Parler de ce qu’on est en train de subir, d’accord, mais à qui ? A d’autres étudiants, aux collègues de promo, aux amis, explique Ludivine Gauthier : discuter de la situation avec ses pairs est primordial pour la supporter. Mais si l’on veut éviter que les choses ne se reproduisent et que d’autres étudiants rencontrent les mêmes difficultés dans le même stage, il faut bien évidemment aller plus loin en se tournant vers l’Ifsi (élu de promo, administration) ou vers la hiérarchie du service (cadre, etc.).

Adapter sa réponse

Et c’est souvent là que les choses se corsent. « Il peut arriver que le dialogue soit rompu, et que l’Ifsi ou le service estime que c’est à l’étudiant de se remettre en question », remarque Ludivine Gauthier. L’étudiant isolé est alors malheureusement démuni s’il reste seul, mais il peut se tourner vers une association comme la Fnesi. « Nous cherchons avec lui à identifier le problème, à savoir si c’est un soignant en particulier qui pose problème ou s’il s’agit d’un problème d’organisation », poursuit la présidente de la Fnesi. « Et nous essayons d’adapter notre réponse. »

Pas question cependant pour elle de recourir systématiquement à la voie contentieuse, comme le préconise par exemple l’Association de défense des droits des étudiants infirmiers (Addesi). « C’est toujours possible, et nous répétons toujours aux étudiants que le harcèlement, la violence verbale, la maltraitance, tout cela est illégal », explique Ludivine Gauthier. « Nous leur expliquons qu’ils ont droit à des conseils juridiques gratuits, que le Défenseur des droits peut leur répondre et qu’il existe des possibilités d’action au Conseil de l’Ordre ». Mais la représentante des étudiants sait également que les procédures sont très longues, et que le dialogue est souvent plus efficace que la confrontation. Mieux vaut donc, estime-t-elle, tenter de porter le cas le plus haut possible, en remontant la hiérarchie : cadre supérieur, direction de l’hôpital, Agence régionale de santé (ARS)…

Fermer ou ne pas fermer ?

Autre question : faut-il absolument vouloir faire fermer les lieux de stages qui posent problème ? Ce n’est pas la position de Ludivine Gauthier. « Souvent les étudiants nous disent que leur objectif est d’éviter que quelqu’un retourne dans le service où ils ont été maltraités », indique-t-elle. Des cas où la Fnesi privilégie le dialogue, l’identification du problème ou de la personne à l’origine des difficultés. « Fermer pour fermer, cela ne sert à rien, et nous risquons rapidement de manquer de lieux de stage », résume la présidente de l’association.

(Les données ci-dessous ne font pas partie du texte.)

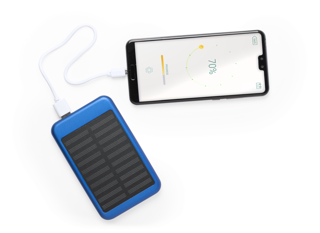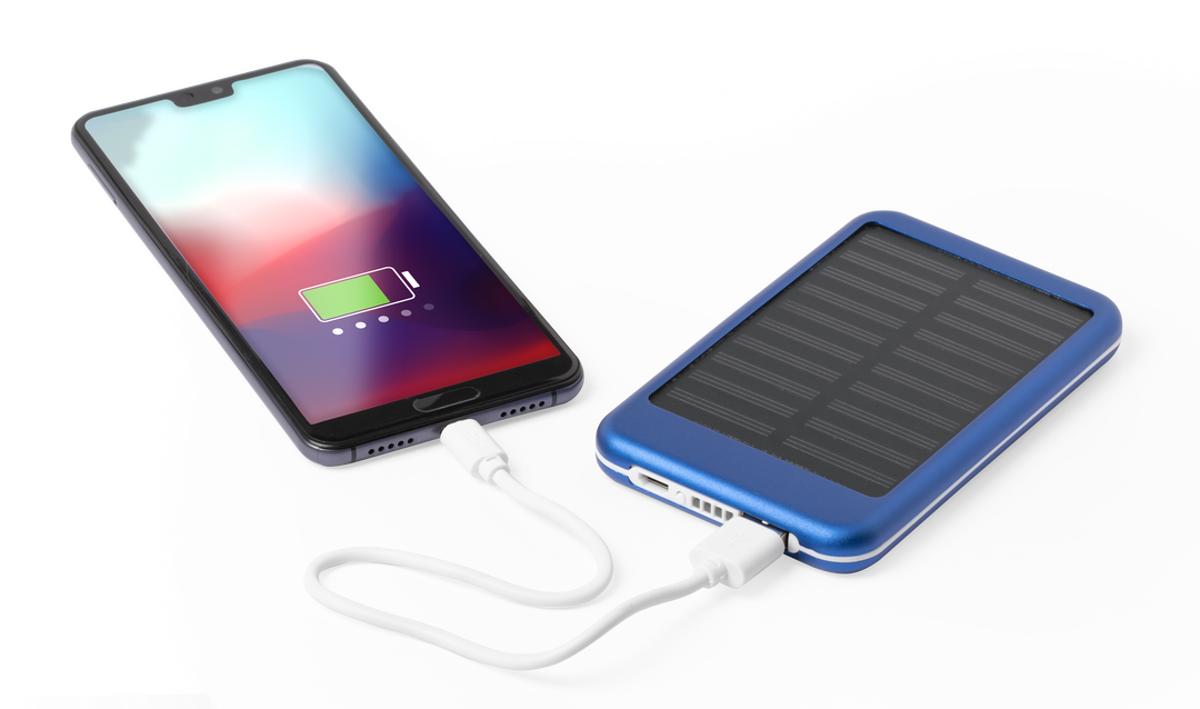 Batería auxiliar externa de recarga solar y de gran capacidad de carga -4.000 mAh-. En resistente aluminio, con salida USB y cable micro USB incluido. Disponible en variada gama de colores. Las capacidades mostradas en todas nuestras baterías auxiliares e 4000 mAh. Salida USB. Entrada Micro USB. Cable Incluido

Ce qui ne veut pas dire qu’il ne faut rien faire. Ludivine Gauthier se félicite notamment des annonces faites en avril dernier à la suite de la remise au gouvernement du rapport du Dr Donata Marra sur le mal-être des étudiants en santé, qui préconise notamment « l’évaluation systématique des lieux de stage par les étudiants ». « Une fois qu’on aura ces évaluations, on pourra compiler les données, et savoir s’il s’agit d’un problème de personne à personne ou d’un souci au niveau du service », se réjouit la militante.

Mais Valérie Auslender tempère cet optimisme. Si elle aussi se félicite de certaines des propositions du rapport Marra, et notamment la mise en place d’un médiateur dans chaque Ifsi, son constat reste sombre. « Pour l’instant, rien n’a été mis en place », soupire la généraliste. Une raison de plus pour privilégier le dialogue… en attendant des changements sur le terrain.